Can this be an OS Commerce issue or had google crossed the site off their chistmas card list? (the google PR hasn't changed and no unethical linking strategies are being used)
Thanks in advance!
Lee
I checked hundred times i did not have any problems that i could detect, find with osc pages and have no clue what kept them from being indexed. But then that was about the time google was working on big daddy, so that could have been the reason perhaps.
The software is very clever, and very flexible, but the interface presented to search engine spiders is poorly thought out (ummmm, NO thought has gone into it at all) and very badly implemented.
However, Google is still only indexing the old dynamic URL's and old generic meta (title & descrip).
Is it possible that the dynamic URIs are still browsable? If so, that may be one of the major issues. When you implement a rewrite, you should not be able to browse to those dynamic URIs anymore, they should be 301'ing to the new rewritten URI.
I'm going to assume that you've updated all internal links to reflect the rewritten URIs? And, that you've addressed any other issues that may cause a spider to get into a dynamic URI instead of the rewritten one?
which seo mod are you using?
i think the one i used was called easy seo urls v 2 or something (its comes prepacked with oscmax), it requires
you to reset the cache after every product add or edit, if you don't every product since the last reset, will use the regular url structure
not the rewritten, so if you aren't careful, you end up with half a site rewritten and half not.
If i remember right the popular google sitemap and froogle mod for the standard build, also didnt use the rewritten url structure, since they pulled
straight from the database.
I never used any of the meta mods, i just edited the template so the product name echo'ed out for the title,
and then used the short description contrib to populate the meta description.
Also check and make sure you have sessions turned off for spiders in your admin configuration.
Of course you probaly don't want to hear this, but since it was the first oscomm project i did, there was a lot of mistakes,
mainly the site and froogle maps using the dynamic urls and the site itself using the rewritten urls, but that site ranks really well,
with some product pages actually outranking the manufacture's page on it, and has held steady for a year. But the domain was 4 years old
and was a hobby site turned into a store, so it was well linked and i got really really lucky lol...
but theres some of my mistakes, hopefully you can use them.
Let me paint a scenario and then you tell me if I'm "barking up the wrong tree". From this point forward, think footprints.
So, a particular piece of software becomes very popular amongst certain groups. Because of it's popularity, it gains more exposure. Not only from a marketing perspective but, from an indexing one too.
The number of users increases steadily over time. The number of sites built using that software increases steadily over time.

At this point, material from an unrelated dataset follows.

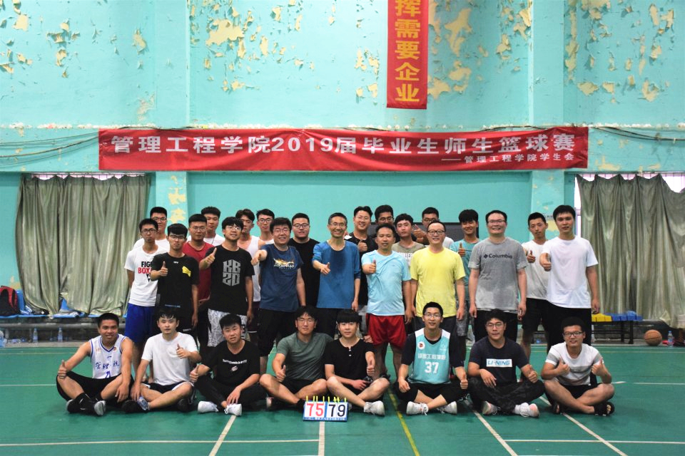 为欢送2019届毕业生,增进师生情感,6月20日下午四点管理工程学院于体育馆举办毕业生师生篮球赛。学生处副处长申维东、学院党总支副书记于利俊、国工教研室主任张立新、物流教研室主任周盛世、工程造价教研室夏宪成、学工办主任陈永亮、辅导员张翔、学院篮球队成员以及2019届毕业生代表参加了此次比赛。

During that time period, Googlebot is indexing anything and everything it can get it's hands on and this includes both static and dynamic content.
Due to inherent problems with the software, certain things begin to happen. In this case, we have rewritten URIs and dynamic URIs being indexed simultaneously from a variety of queries. Duplicate content. Footprints.
If you were a Search Quality Engineer (SQE), would you want your spider to get trapped within an environment where you would be indexing the same content under 10-15 different URIs?
So, are we possibly seeing a cleansing of the index based on certain technical issues? It's easier to filter based on the footprints and of course you're going to get caught in the net, there's no way around it. Or is there? ;)
P.S. I've watched Google (and other search engines) wipe out entire networks over the years based on footprints. They are easy to detect and it's unfortunate but there is going to be unintentional fallout.
Let me paint a scenario and then you tell me if I'm "barking up the wrong tree"
great point...and to be honest on the whole most oscommerce shops aren't essential to the index,
2 clicks from fantastico and you have your own online "business". And like you said why risk having a spider
getting trapped, especially gathering "useless" information.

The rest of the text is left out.